§ The task
Beginning with the line containing "PA 55 Înălțime profil: 55 mm Grosime: 14 mm" and ending with the line containing "地元中学生と名古屋市の中学生の合同コンサート", write out each line of the records below exactly; pictures and lines outside that range are left out.

------ Input for this task ------

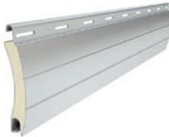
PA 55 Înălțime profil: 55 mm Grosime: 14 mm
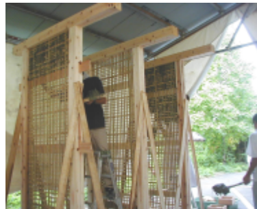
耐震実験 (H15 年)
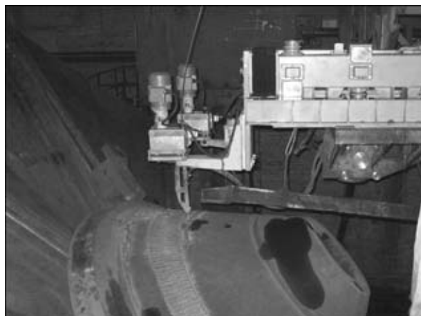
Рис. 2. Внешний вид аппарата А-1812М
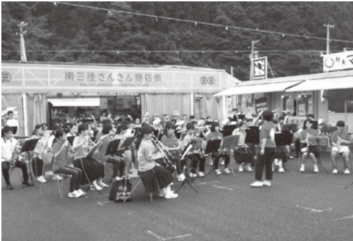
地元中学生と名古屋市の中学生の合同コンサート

------
------ Input for this task ------

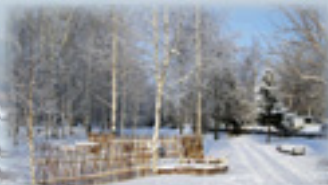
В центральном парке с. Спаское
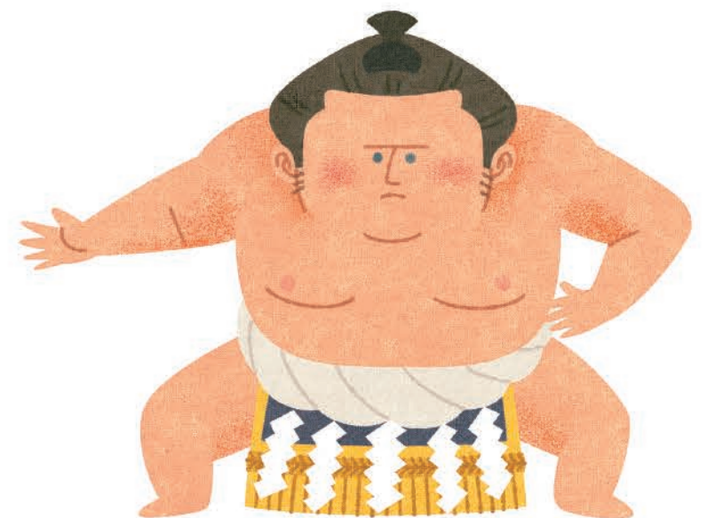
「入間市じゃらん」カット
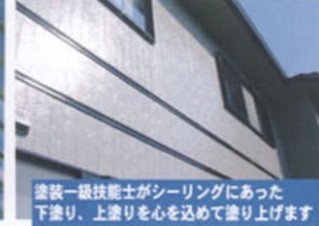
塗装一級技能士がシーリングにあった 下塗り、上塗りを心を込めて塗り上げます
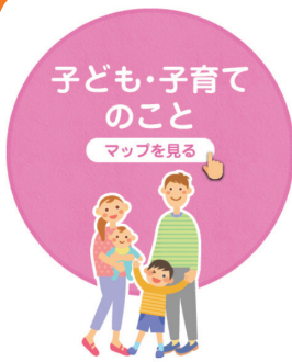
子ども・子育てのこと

------
------ Input for this task ------

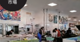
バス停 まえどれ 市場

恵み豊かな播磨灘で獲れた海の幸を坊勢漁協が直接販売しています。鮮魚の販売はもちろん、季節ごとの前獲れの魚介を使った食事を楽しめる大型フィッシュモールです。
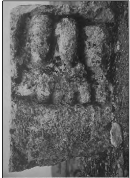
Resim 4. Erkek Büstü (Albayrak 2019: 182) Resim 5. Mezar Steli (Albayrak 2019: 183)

------

§ Answer below
PA 55 Înălțime profil: 55 mm Grosime: 14 mm
耐震実験 (H15 年)
Рис. 2. Внешний вид аппарата А-1812М
地元中学生と名古屋市の中学生の合同コンサート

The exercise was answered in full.